On 31 December 2014, the directors of Sonner Ltd decided to change the basis of
measuring the equipment from the cost model to the revaluation model. Machine A was
revalued to $180,000 with an expected useful life of 6 years, and Machine B was
revalued to $155,000 with an expected useful life of 5 years.

At 30 June 2015, Machine A was assessed to have a fair value of $163,000 with an
expected useful life of 5 years, and Machine B’s fair value was $136,500 with an
expected useful life of 4 years. Ignore tax.
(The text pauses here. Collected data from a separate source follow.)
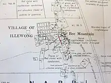 A settlement, including a store, had developed at Bee Mountain, by the end of 1904,[12] and a post office opened there in 1905.[13] The village named Illewong was proclaimed on 18 April 1906.[2] In September 1906, the existing post office, named Bee Mountain, was renamed Illewong.[13] The village was associated with the Queen Bee Copper Mine,[14] and to its south the Queen Bee South,[15] amongst others in the surrounding area.[16] Always a small village, Illewong could nonetheless support sporting teams, even a rifle club. The village had a school from April 1905 to May 1916.[17]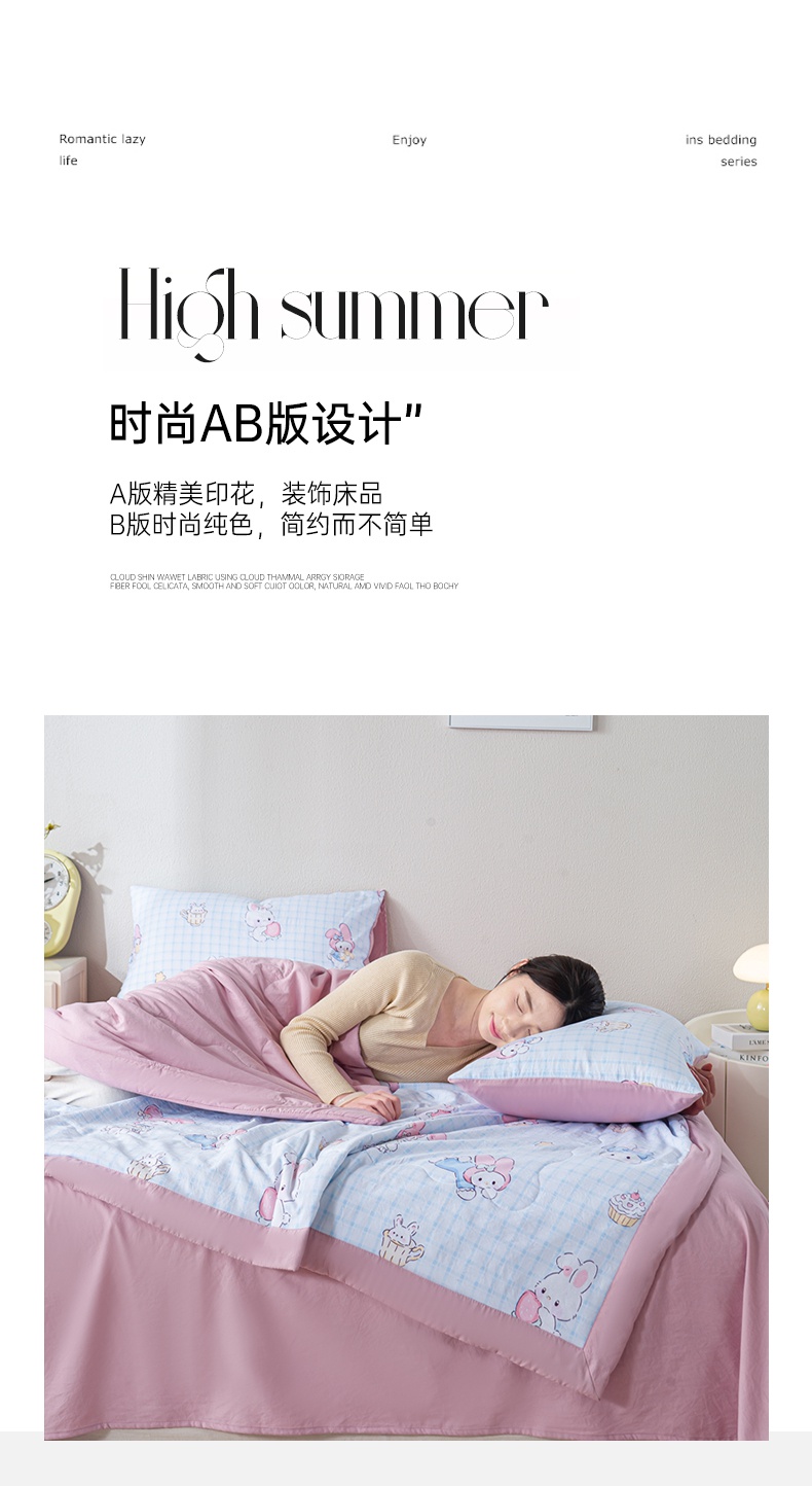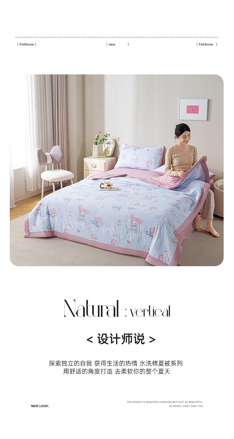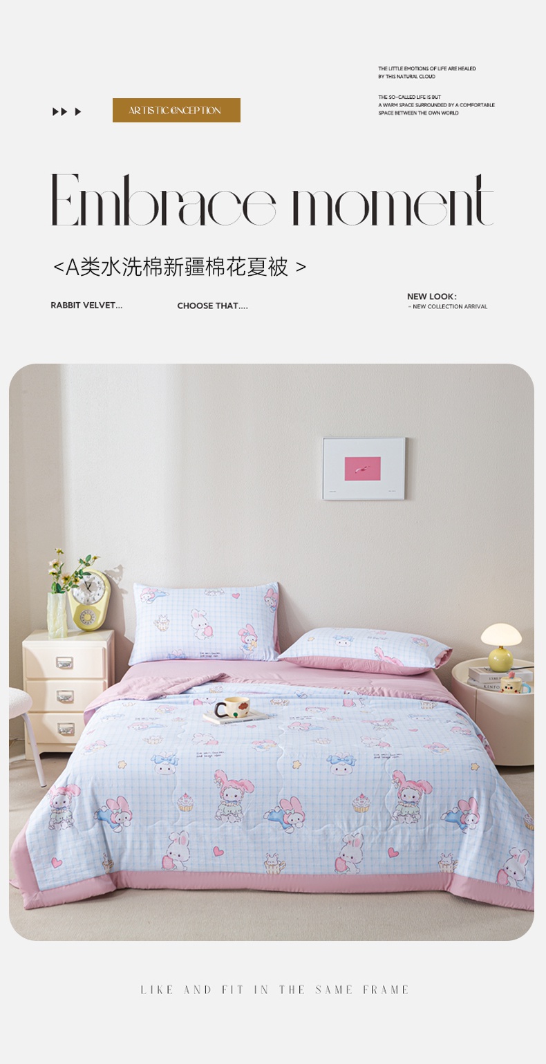 • 91家纺网 家纺一手货源 找家纺 慕木家纺 2025新款A类水洗棉印花新疆棉花夏被空调被(抽空压缩可供跨境) 萌兔宝贝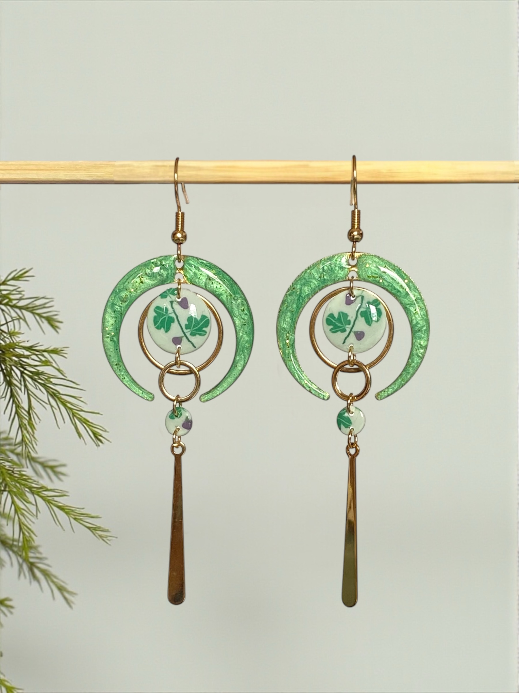 Chaque bijou est recouvert de résine. Pour préserver son éclat, je vous recommande de ne pas l’exposer à la lumière du soleil de façon prolongée. Un rayonnement trop vif pourrait altérer les couleurs.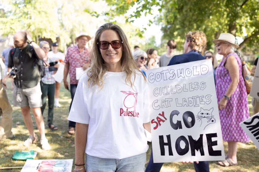 “He’s simply not welcome here,” said Sue Moon, a therapist from nearby Chipping Norton, who was carrying a placard reading: “Cotswold childless cat ladies say go home” – a reference to Vance’s insulting remark about Democrats.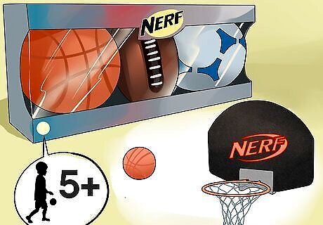 Get mini indoor versions of popular sports. Toy companies like Nerf produce small indoor basketball hoops. These hoops can be attached to a wall or the back of a door. Other indoor sports equipment include small soccer or hockey nets. Look online or go to the store and compare brands. Most indoor equipment will come with age suggestions on the packaging.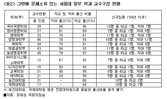 ´õ±¸³ª 2000³â ÀÌÈÄ ½Å±Ôä¿ë ±³¼ö 53¸íÀÌ ¸ðµÎ ¼¿ï´ë Ãâ½ÅÀÎ °ÍÀ¸·Î µå·¯³ª ÇØ´ç Çаú°¡ ¾Æ´Ñ Ÿ°ú Ãâ½ÅÀ» Ÿ±³ Ãâ½ÅÀ¸·Î °è»êÇÏ´Â µî ±³À°°ø¹«¿øÀÓ¿ë·ÉÀÇ Æ´»õ¸¦ ÀÌ¿ëÇÏ¸ç ½ÃÁ¤ÀÇ ±â¹Ì¸¦ º¸ÀÌÁö ¾Ê°í ÀÖ´Â °ÍÀ¸·Î ³ªÅ¸³µ´Ù. Áö³ 1999³â °ü·Ã¹ý °³Á¤ ÈÄ 2000³âºÎÅÍ ±¹°ø¸³´ë ±³¼öÀÓ¿ëÀÇ ¼ÒÀ§ ¡®Àκ긮µù Çö»ó¡¯À» ¸·±â À§ÇØ ±³À°´ç±¹Àº µ¿ÀÏ´ëÇÐ Ãâ½Å ±³¼ö ÀÓ¿ëºñÀ²À» Á¦ÇÑÇϰí ÀÖ´Ù.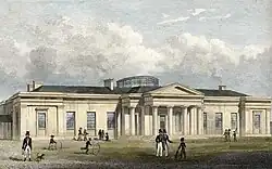 The origin of Edinburgh Accies can be traced back to before the club was officially formed to the establishment of the Edinburgh Academy in 1824. Cricket was played at the academy almost as soon as it was open in the "Yards" which surround the main school building. T.H. Shepherd's drawing of "The New Academy" (1828), shows two boys holding cricket bats. One of the boys in the drawing was William Moncreiff, who joined the school on its opening day[1] and was one of the founders of The Grange Cricket Club in 1832.[2]

Required: Prepare the journal entries during the period 1 July 2014 to 30 June 2015 in
relation to the equipment.

Case study 4:

On Jan 01, 01, entity E acquires land for CU 40. Payment is effected in cash on the same
day. The piece of land is measured according to the revaluation model after recognition.
Revaluations are carried out on an annual basis. Fair value of the land changes as follows:

Required

Dec 31, 01 44
Dec 31, 02 36
Dec 31, 03 48

Prepare any necessary entries in E’s financial statements as on Dec 31 for the years 01–
03. Ignore deferred tax.

Question 5: In the 30 June 2014 annual report of Sonner Ltd, the equipment A was
reported as follows:

Equipment A (at cost) $ 500 000


Accumulated Depreciation (150 000)
350 000
Estimated useful life 10 years
Sonner Ltd measure the equipment by the revaluation model. At 30 June 2014,
Equipment A was revalued to $ 400,000.
Required : Prepare the journal entries to revalue the equipment A.